START EXTRACTED DATA

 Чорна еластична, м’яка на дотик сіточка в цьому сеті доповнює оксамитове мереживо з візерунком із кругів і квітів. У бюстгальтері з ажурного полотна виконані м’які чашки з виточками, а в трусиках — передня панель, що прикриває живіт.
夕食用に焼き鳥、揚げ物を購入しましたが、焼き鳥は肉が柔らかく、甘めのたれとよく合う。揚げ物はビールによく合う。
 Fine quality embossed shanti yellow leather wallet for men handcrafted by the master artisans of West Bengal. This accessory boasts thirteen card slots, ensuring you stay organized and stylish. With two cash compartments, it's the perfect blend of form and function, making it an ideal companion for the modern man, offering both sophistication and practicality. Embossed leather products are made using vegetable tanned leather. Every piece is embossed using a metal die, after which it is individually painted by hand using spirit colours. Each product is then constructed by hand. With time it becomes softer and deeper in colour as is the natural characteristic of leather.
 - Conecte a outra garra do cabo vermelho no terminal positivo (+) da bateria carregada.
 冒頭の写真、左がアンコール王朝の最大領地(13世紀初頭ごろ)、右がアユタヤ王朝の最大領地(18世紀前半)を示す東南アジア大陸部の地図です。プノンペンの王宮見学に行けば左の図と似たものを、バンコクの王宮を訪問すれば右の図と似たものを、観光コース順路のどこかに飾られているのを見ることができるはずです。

END EXTRACTED DATA
START EXTRACTED DATA

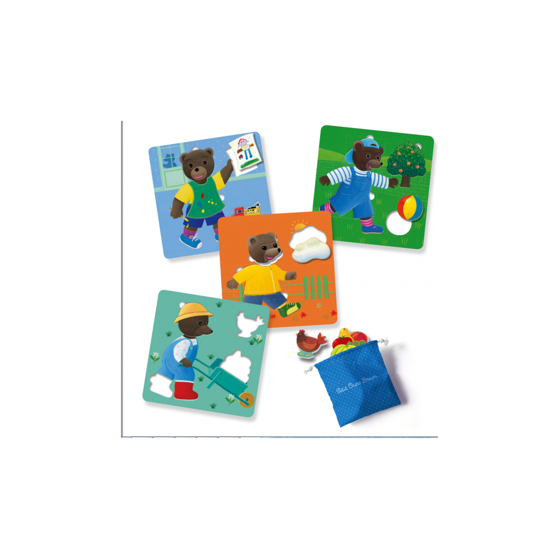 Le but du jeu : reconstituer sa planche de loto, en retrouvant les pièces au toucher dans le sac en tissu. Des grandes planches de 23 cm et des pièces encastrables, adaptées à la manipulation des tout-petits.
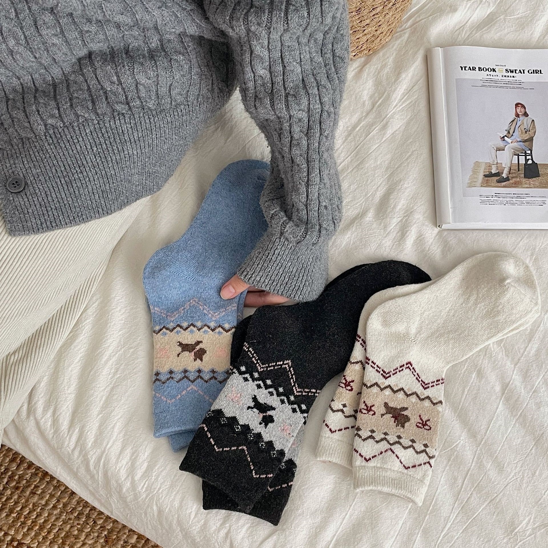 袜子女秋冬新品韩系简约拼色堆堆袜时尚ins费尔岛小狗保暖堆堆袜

END EXTRACTED DATA
START EXTRACTED DATA

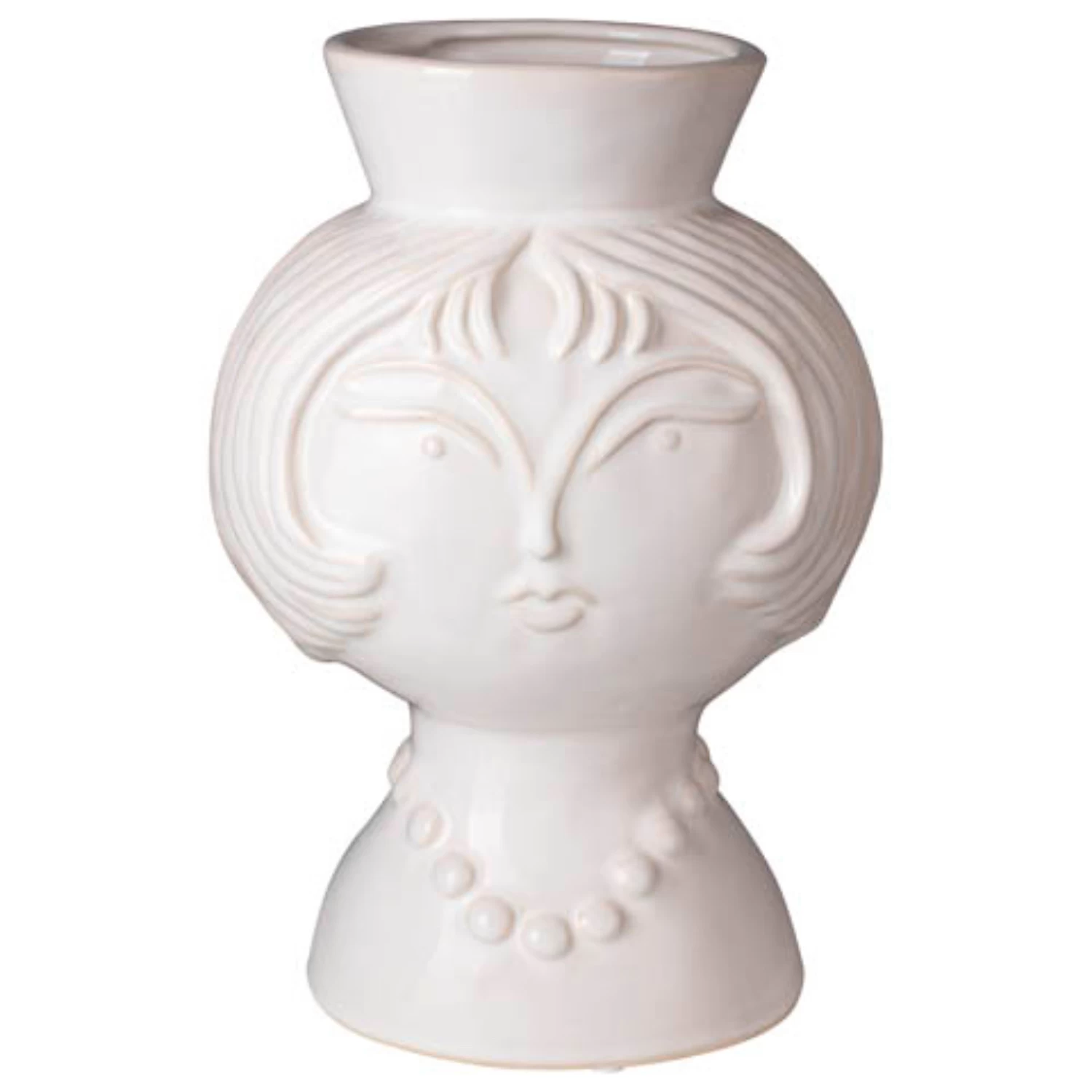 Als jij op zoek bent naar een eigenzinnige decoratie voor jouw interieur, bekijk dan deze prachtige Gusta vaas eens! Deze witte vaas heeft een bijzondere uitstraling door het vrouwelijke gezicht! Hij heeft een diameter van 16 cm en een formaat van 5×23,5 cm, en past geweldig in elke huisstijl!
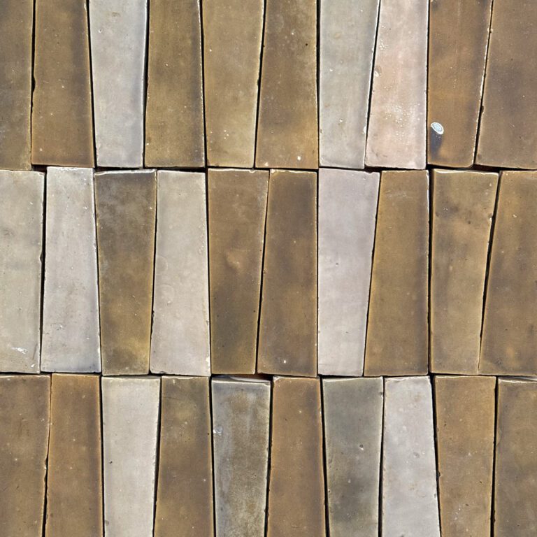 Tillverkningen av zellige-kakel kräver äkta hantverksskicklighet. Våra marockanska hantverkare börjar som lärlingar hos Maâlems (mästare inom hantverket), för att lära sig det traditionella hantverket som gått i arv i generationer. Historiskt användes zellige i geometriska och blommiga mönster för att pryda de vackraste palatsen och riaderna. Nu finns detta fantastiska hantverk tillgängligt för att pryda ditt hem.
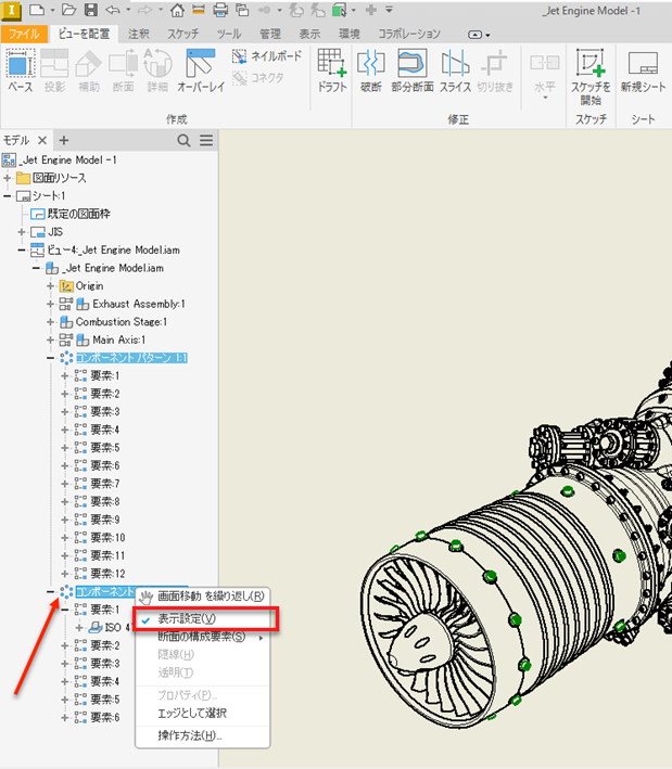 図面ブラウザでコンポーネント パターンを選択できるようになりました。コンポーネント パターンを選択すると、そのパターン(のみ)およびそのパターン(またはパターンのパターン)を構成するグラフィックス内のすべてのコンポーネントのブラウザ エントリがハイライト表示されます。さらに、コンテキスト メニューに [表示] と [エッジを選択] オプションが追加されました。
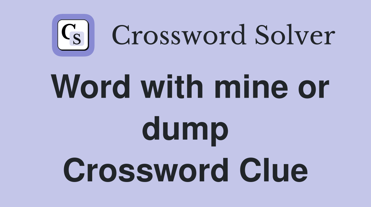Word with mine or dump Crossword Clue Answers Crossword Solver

END EXTRACTED DATA

AIM OF THE EXERCISE →
In the entries above, please find the line with "Чорна еластична, м’яка" and the line with "冒頭の写真、左がアンコール王", then write out exactly those two lines and every line between them, and nothing more.

ANSWER FOR THE TASK →
 Чорна еластична, м’яка на дотик сіточка в цьому сеті доповнює оксамитове мереживо з візерунком із кругів і квітів. У бюстгальтері з ажурного полотна виконані м’які чашки з виточками, а в трусиках — передня панель, що прикриває живіт.
夕食用に焼き鳥、揚げ物を購入しましたが、焼き鳥は肉が柔らかく、甘めのたれとよく合う。揚げ物はビールによく合う。
 Fine quality embossed shanti yellow leather wallet for men handcrafted by the master artisans of West Bengal. This accessory boasts thirteen card slots, ensuring you stay organized and stylish. With two cash compartments, it's the perfect blend of form and function, making it an ideal companion for the modern man, offering both sophistication and practicality. Embossed leather products are made using vegetable tanned leather. Every piece is embossed using a metal die, after which it is individually painted by hand using spirit colours. Each product is then constructed by hand. With time it becomes softer and deeper in colour as is the natural characteristic of leather.
 - Conecte a outra garra do cabo vermelho no terminal positivo (+) da bateria carregada.
 冒頭の写真、左がアンコール王朝の最大領地(13世紀初頭ごろ)、右がアユタヤ王朝の最大領地(18世紀前半)を示す東南アジア大陸部の地図です。プノンペンの王宮見学に行けば左の図と似たものを、バンコクの王宮を訪問すれば右の図と似たものを、観光コース順路のどこかに飾られているのを見ることができるはずです。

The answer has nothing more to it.